The President's Plane Is Missing
- Cover of first edition
- Author: Robert J. Serling
- Language: English
- Publisher: Doubleday
- Publication date: 1967
- Publication place: United States
- Media type: Print (hardcover)
- Pages: 297 pp.

= The President's Plane Is Missing (novel) =

1967 novel by Robert J. Serling

The President's Plane Is Missing is a 1967 novel by Robert J. Serling. The book was made into a made-for-TV film by the same name, directed by Daryl Duke, which aired on 23 October 1973 in the United States. The book tells the story of a crash of Air Force One in remote terrain and the uncertainty stemming from the lack of confirmation whether the president of the United States is alive or dead. The vice president, an unpopular figure, pressures the cabinet to declare him acting president under the terms of the 25th Amendment so he can address a growing crisis with China with a pre-emptive nuclear strike.

The President's Plane Is Missing spent multiple weeks on The New York Times Best Seller list, and its success enabled Serling to become a full-time writer.

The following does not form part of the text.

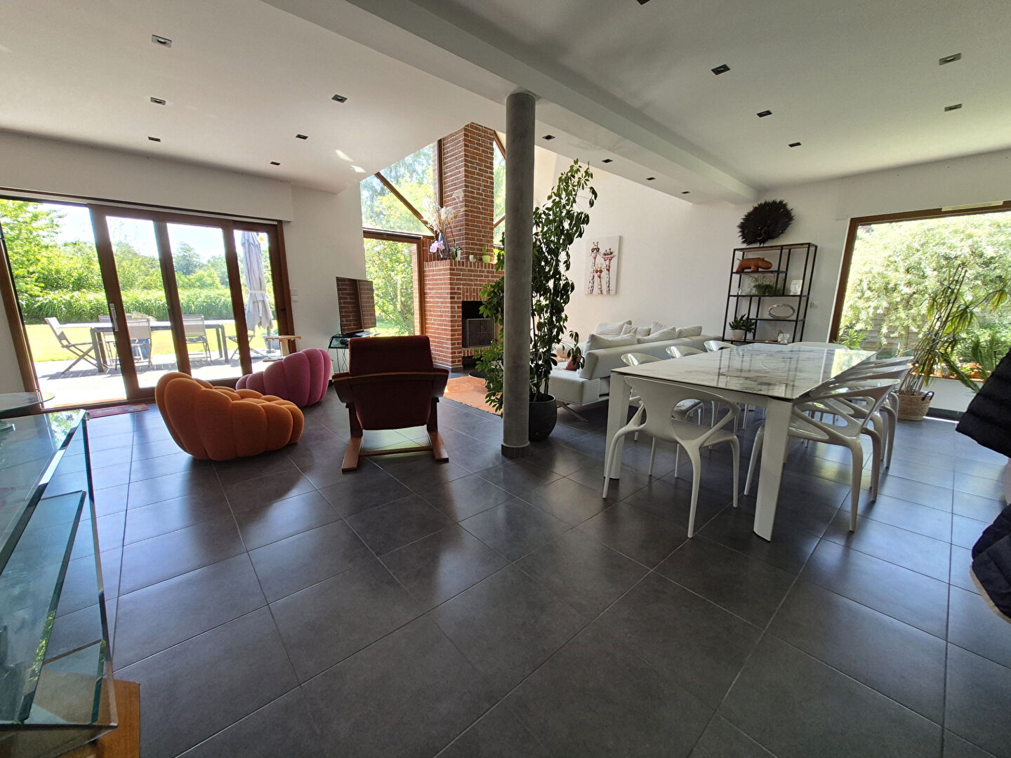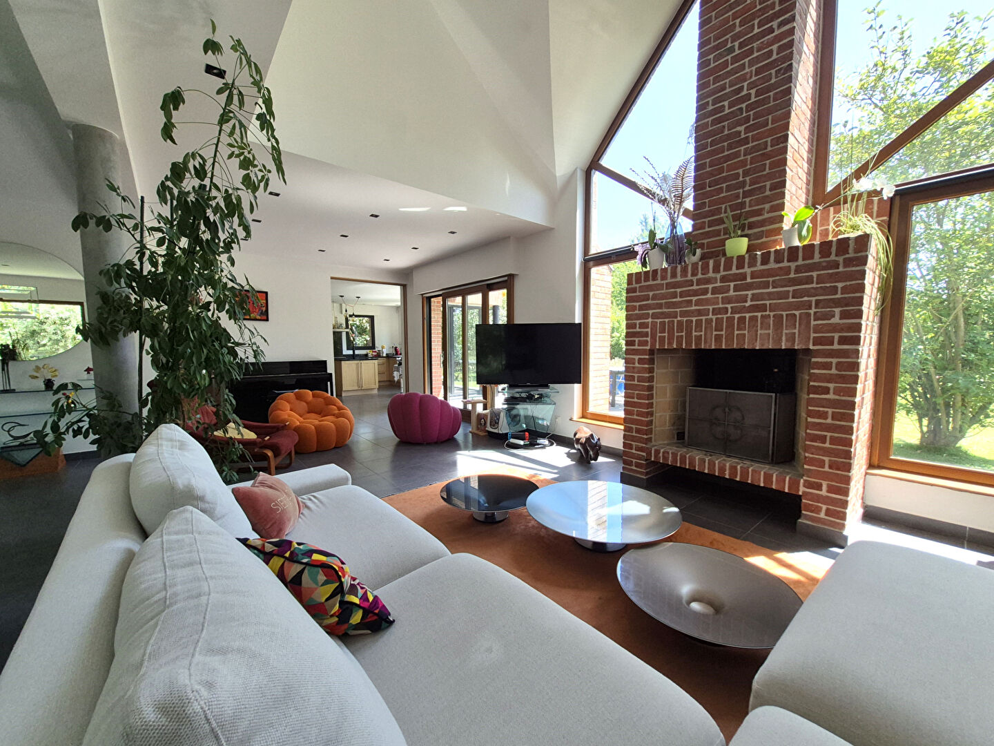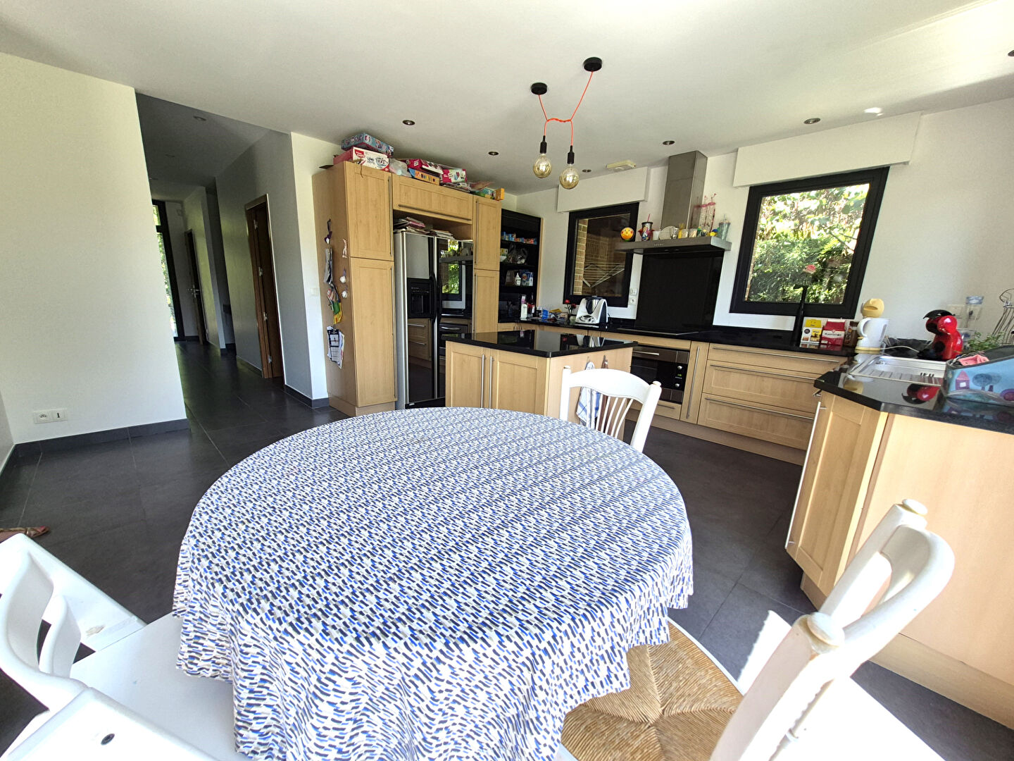 Ce pavillon d'environ 200m², en recul de route propose un hall d'entrée, un grand séjour très lumineux de plus de 50m², avec cheminée feu de bois. Une grande cuisine d'environ 20m² parfaitement équipée avec son coin repas est complétée par un cellier-buanderie très pratique.

Serling later penned a sequel to the novel entitled Air Force One Is Haunted, in which the ghost of President Franklin Delano Roosevelt haunts the incumbent president whenever he boards Air Force One.

The novel’s title was parodied in the 1980s by the satirical puppet show Spitting Image in a series of sketches called “The President’s Brain is Missing” about then president Ronald Reagan.

==Synopsis==
Air Force One crashes in a storm in a remote area and the badly-burned and scattered bodies cannot be definitively identified, making it impossible to confirm that President Jeremy Haines has been killed, which would allow his vice president, Fred Madigan, to automatically assume the presidency. In this uncertainty, and amid a growing crisis with China that threatens to lead to war, Madigan (a weak character, pushed along by his ambitious wife) contemplates invoking Article Three of the 25th Amendment to become acting president, though he needs majority support from the cabinet to do so. He was not privy to Haines's plans, and receives contradictory advice from the national security advisor (who claims Haines was ready to declare war) and the secretary of state (who insists Haines was planning a more peaceful way of containing the threat).

The cabinet is split on the issue and tensions increase when Madigan declares that once acting president, he will launch a pre-emptive strike on China. The novel's climax is the sudden appearance of Haines, alive and well. He'd never been on Air Force One (and had sent a look-alike to board the plane in his place), but instead had secretly traveled to Camp David for highly-sensitive treaty negotiations with the leader of the Soviet Union to contain China. Only the secretary of state knew of the plan but had been sworn to secrecy lest the treaty negotiation fail.

==Film==

In 1973 a film adaptation of the book was aired on television, starring Peter Graves and Buddy Ebsen. Filming for The President's Plane Is Missing had been completed in 1971, but Graves reported that the film did not air until 1973 due to the film's villains being Chinese and President Richard Nixon's then negotiations with China.